C'est en 1931 avec l'arrivée à la mairie de Simon Sabiani que Carbone et Spirito sont véritablement envoyés au sommet. Simon Sabiani, c'est l'homme politique derrière lequel ils se sont rangés. À l'époque la pratique est courante, les politiques de tous bords s'adjoignant les services de truands afin d'encadrer les colleurs d'affiches, gêner les réunions des concurrents, assurer le service d'ordre, faire le coup de poing, fausser les résultats de l'un ou l'autre bureau de vote, et quelques autres broutilles plus ou moins légales. En échange de quoi les politiques arrangent les affaires de leurs "agents électoraux", de la levée d'interdiction de séjour aux emplois fictifs, en passant par une certaine tolérance quant à leurs activités. Chaque parti possède ainsi une petite armée d'hommes de main : on retrouve les Renucci aux côtés des Radicaux, les Guérini avec les socialistes, et le tandem Carbone-Spirito avec l'ambitieux carriériste Simon Sabiani. Ce corse sans scrupules et démagogue né en 1888 à Casamaccioli a été élu député en 1928 sur la liste des Indépendants et pratique un clientélisme à grande échelle, notamment auprès de la communauté corse de Marseille (forte de 60 000 membres). Paul Carbone y voit une opportunité et se glisse avec ses hommes dans le sillage de Sabiani. Ils deviennent amis, le politique n'hésitant pas à s'afficher aux mêmes tables que le gangster et à proclamer dans un discours "rarement dans ma vie je n'ai rencontré de coeur aussi noble que celui de Carbone".
En juillet 1930 il n'hésite pas non plus à soutenir le frère de Paul Carbone, François dit Tchichakoff, alors que ce dernier est jugé pour le meurtre d'un proxénète. Il essaiera même d'influencer les jurés. Parallèlement, Sabiani crée le poste d'inspecteur des stades spécialement pour Jeannot, l'autre frère de Carbone. Lequel Jeannot tirera quelques temps plus tard, en 1936, sur l'homme de main d'un adversaire de Sabiani, Ferri Pisani, et le blesse à la cuisse sans n'être inquiété une seule seconde. Ce genre d'épisode violent est fréquent pendant les campagnes. En 1935 par exemple, une fusillade éclate entre des hommes de Carbone et ceux d'Antoine Guérini à la sortie d'une réunion électorale près de la gare Saint-Charles, sans faire de blessés.

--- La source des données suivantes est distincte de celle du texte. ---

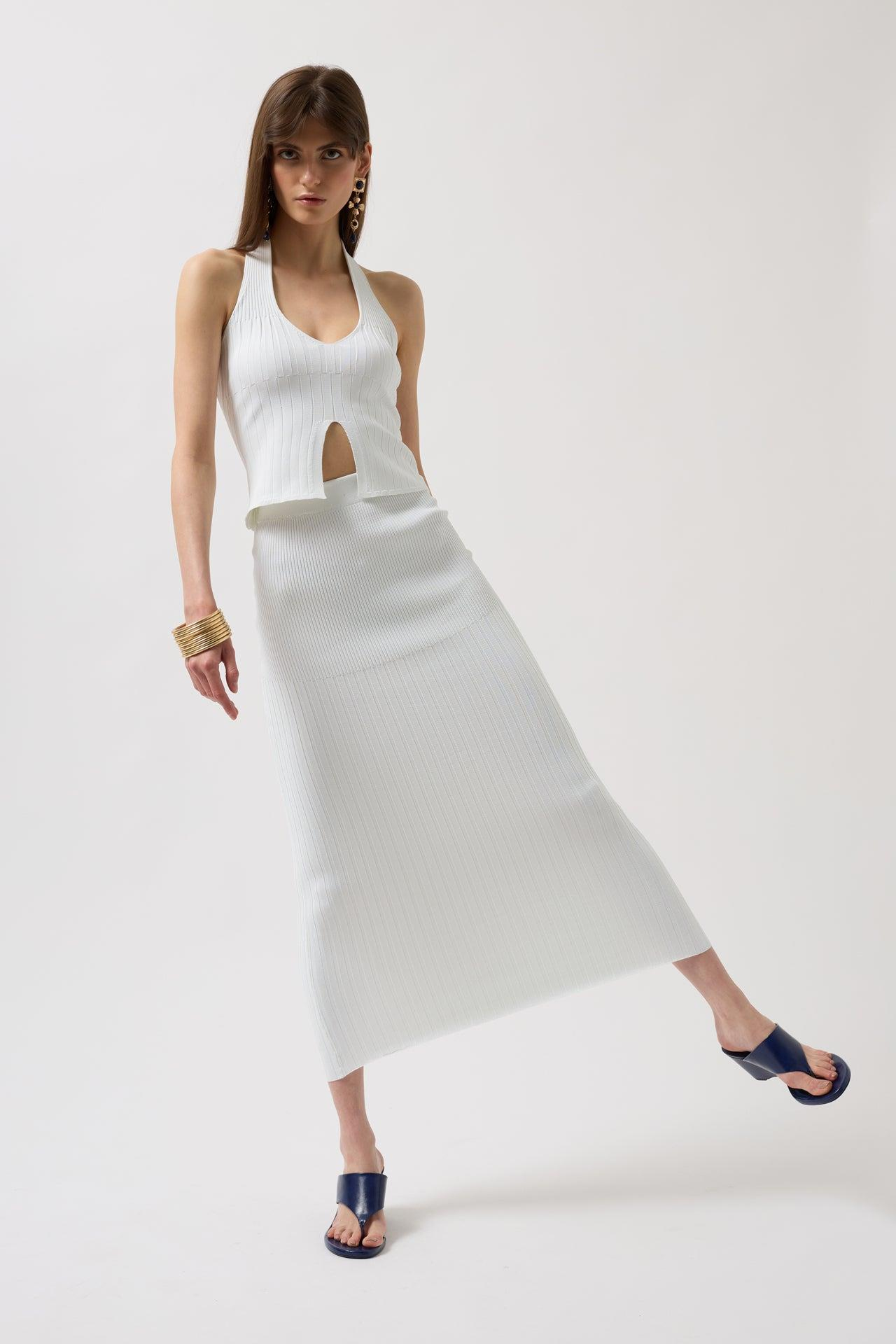 Yüksek Bel Dokulu Beyaz Etek

En 1931 l'appui de Carbone et Spirito à Simon Sabiani paye : ce dernier est nommé premier adjoint au maire par Georges Ribot, successeur de Siméon Flaissières mort la même année. Mais c'est bien le corse Sabiani qui contrôlera la mairie jusqu'en 1935. Les parrains marseillais s'assurent ainsi de solides appuis.
Néanmoins, ces liens contre-nature et connus peuvent aussi apporter des désagréments. C'est le cas notamment en 1934.
Le 8 janvier 1934 le cadavre du financier véreux Serge Alexandre Stavisky est retrouvé à Chamonix. Le scandale éclate, Stavisky ayant mouillé nombre de personnages haut placés de la IIIe Republique. Une crise politique née et embrase la France entière. Le 12 février, 50 000 socialistes et communistes manifestent leur mécontentement à Marseille. Des incidents éclatent et des coups de feu sont tirés depuis une voiture sur des chefs de la Sûreté générale. Certains disent avoir vu au volant du véhicule des gangsters proches de Paul Carbone. Sabiani est pointé du doigt, accusé d'être un fasciste et est lâché par les Républicains de droite et de gauche. Il glissera inexorablement vers l'extrême droite.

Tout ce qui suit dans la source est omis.